Sub-stoichiometric titanium oxide (Ti4O7) as a suitable ceramic anode for electrooxidation of organic pollutants: A case study of kinetics, mineralization and toxicity assessment of amoxicillin

- Ti4O7 anode prepared by plasma deposition on titanium (Ti) substrate.
- Degradation and mineralization efficiency increases with increased applied current.
- Better mineralization efficiency with Ti4O7 compared to DSA and Pt anodes.
- Very good oxidation efficiency of Ti4O7 close to that of BDD anode.
- H2O2 enhances degradation but has marginal effect on mineralization of amoxicillin.

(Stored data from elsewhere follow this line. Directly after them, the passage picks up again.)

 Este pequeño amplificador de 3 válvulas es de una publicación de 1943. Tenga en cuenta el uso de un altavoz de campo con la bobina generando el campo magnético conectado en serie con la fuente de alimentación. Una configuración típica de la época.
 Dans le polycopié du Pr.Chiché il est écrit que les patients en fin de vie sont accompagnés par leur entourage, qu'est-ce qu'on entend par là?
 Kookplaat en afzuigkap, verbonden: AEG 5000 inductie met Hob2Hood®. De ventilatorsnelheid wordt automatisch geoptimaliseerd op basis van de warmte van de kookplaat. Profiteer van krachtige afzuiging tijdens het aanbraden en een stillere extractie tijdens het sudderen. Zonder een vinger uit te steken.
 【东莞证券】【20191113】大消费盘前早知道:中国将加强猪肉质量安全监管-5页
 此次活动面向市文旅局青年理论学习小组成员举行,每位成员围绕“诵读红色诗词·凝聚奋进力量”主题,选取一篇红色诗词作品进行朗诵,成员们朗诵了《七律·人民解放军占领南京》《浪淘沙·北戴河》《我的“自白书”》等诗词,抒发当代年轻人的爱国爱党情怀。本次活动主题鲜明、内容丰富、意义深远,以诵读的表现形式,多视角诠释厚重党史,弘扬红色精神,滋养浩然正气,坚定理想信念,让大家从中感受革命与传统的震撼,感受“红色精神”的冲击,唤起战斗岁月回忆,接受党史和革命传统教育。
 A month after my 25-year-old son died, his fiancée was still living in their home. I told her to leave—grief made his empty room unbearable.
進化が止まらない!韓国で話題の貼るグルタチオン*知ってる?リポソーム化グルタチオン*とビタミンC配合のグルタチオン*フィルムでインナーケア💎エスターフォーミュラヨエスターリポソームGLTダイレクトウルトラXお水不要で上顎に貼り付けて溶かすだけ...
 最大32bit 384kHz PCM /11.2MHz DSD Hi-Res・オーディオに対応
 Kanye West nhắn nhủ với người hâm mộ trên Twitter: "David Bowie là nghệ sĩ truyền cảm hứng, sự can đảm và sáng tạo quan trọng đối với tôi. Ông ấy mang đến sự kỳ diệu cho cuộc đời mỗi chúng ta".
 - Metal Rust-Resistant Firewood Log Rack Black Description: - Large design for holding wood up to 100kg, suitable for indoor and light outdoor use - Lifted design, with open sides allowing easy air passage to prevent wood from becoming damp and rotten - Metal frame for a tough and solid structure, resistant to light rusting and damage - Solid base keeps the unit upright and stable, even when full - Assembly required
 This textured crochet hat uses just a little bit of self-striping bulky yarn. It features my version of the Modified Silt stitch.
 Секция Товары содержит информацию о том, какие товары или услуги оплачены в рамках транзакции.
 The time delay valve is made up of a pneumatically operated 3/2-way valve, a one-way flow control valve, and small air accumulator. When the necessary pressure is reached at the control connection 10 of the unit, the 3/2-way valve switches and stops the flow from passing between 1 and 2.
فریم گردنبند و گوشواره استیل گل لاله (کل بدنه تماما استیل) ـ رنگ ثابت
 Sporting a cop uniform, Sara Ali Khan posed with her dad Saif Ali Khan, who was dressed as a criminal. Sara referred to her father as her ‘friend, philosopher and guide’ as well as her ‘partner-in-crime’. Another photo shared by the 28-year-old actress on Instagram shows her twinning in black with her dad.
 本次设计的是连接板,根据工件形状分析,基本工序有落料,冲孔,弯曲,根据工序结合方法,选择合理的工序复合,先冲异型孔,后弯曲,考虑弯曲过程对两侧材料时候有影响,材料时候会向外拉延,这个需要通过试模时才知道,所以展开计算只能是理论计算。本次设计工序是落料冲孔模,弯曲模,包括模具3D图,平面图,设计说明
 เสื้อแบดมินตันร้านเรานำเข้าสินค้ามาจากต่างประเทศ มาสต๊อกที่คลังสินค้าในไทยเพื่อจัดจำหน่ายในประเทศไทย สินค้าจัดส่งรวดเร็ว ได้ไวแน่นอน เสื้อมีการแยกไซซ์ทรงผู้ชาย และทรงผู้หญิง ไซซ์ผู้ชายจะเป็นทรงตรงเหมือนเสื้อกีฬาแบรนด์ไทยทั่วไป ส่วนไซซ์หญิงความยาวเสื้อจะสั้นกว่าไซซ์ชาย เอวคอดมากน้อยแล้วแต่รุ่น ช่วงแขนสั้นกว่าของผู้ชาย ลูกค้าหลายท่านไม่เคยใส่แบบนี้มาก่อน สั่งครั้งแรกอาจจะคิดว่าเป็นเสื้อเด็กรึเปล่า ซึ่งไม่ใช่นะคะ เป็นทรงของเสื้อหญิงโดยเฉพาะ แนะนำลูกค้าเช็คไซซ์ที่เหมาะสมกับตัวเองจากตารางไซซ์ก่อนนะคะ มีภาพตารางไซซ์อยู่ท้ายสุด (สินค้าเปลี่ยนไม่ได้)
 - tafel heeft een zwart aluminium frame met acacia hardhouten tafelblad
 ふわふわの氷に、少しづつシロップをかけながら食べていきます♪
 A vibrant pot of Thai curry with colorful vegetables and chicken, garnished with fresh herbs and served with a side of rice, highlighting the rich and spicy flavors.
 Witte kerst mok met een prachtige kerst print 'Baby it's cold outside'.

Electrochemical degradation of aqueous solutions containing antibiotic amoxicillin (AMX) has been extensively studied in an undivided electrolytic cell using a sub-stoichiometric titanium oxide (Ti4O7) anode, elaborated by plasma deposition. Oxidative degradation of AMX by hydroxyl radicals was assessed as a function of applied current and was found to follow pseudo-first order kinetics. The use of carbon-felt cathode enhanced oxidation capacity of the process due to the generation of H2O2. Comparative studies at low current intensity using dimensional stable anode (DSA) and Pt anodes led to the lower mineralization efficiencies compared to Ti4O7 anode: 36 and 41% TOC removal for DSA and Pt respectively compared to 69% for Ti4O7 anode. Besides, the use of boron doped diamond (BDD) anode under similar operating conditions allowed reaching higher mineralization (94%) efficiency. Although Ti4O7 anode provides a lesser mineralization rate compared to BDD, it exhibits better performance compared to the classical anodes Pt and DSA and can constitutes an alternative to BDD anode for a cost effective electro-oxidation process. Moreover several aromatic and aliphatic oxidation reaction intermediates and inorganic end-products were identified and a plausible mineralization pathway of AMX involving these intermediates was proposed.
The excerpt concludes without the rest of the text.